About this exercise - Write out the listing verbatim. No pictures belong in it.

Data shown -
=== Begin Enclosure ===

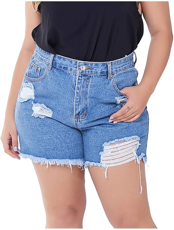 Damen Grosse Grossen Jeans Shorts Destroy Boyfriend Look Sweatshorts Kurze Hose Frauen Essentials Sommer Bermuda Hoppants Amazon De Bekleidung
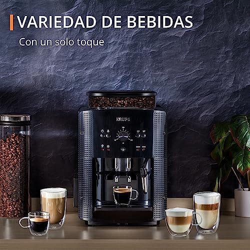 Cafetera automática de café con 15 bares de presión y tres niveles de selección intensidad de café; además de ello dispone de un regulador de la cantidad de café con función automática de vapor para calentar agua o leche, o preparar infusiones
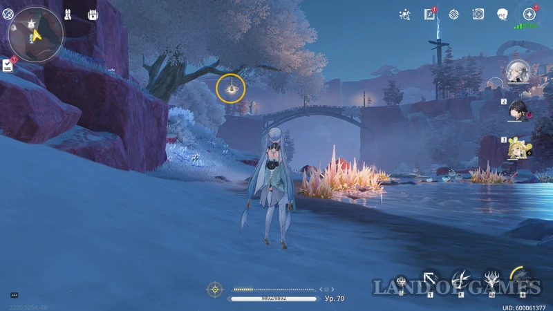 Перемещаемся под «шею» Драконьего гребня, а затем пробегаем под мост: колокольчик лежит в кустах по стороне резонансного маяка.
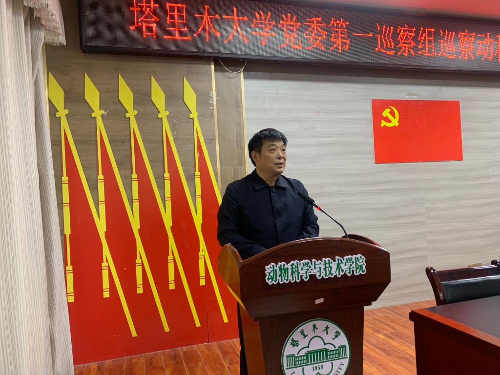 梁国杰做表态发言,对于巡察组反馈的所有问题,学院党委诚恳接受,照单全收,没有任何异议,并将以严肃认真的态度、坚决果断的行动抓好整改落实,推动动物科学与技术学院事业高质量发展,为学校建设兵团特点南疆特色一流大学交上一份满意答卷。

=== End Enclosure ===

Written solution -
 Damen Grosse Grossen Jeans Shorts Destroy Boyfriend Look Sweatshorts Kurze Hose Frauen Essentials Sommer Bermuda Hoppants Amazon De Bekleidung
 Cafetera automática de café con 15 bares de presión y tres niveles de selección intensidad de café; además de ello dispone de un regulador de la cantidad de café con función automática de vapor para calentar agua o leche, o preparar infusiones
 Перемещаемся под «шею» Драконьего гребня, а затем пробегаем под мост: колокольчик лежит в кустах по стороне резонансного маяка.
 梁国杰做表态发言,对于巡察组反馈的所有问题,学院党委诚恳接受,照单全收,没有任何异议,并将以严肃认真的态度、坚决果断的行动抓好整改落实,推动动物科学与技术学院事业高质量发展,为学校建设兵团特点南疆特色一流大学交上一份满意答卷。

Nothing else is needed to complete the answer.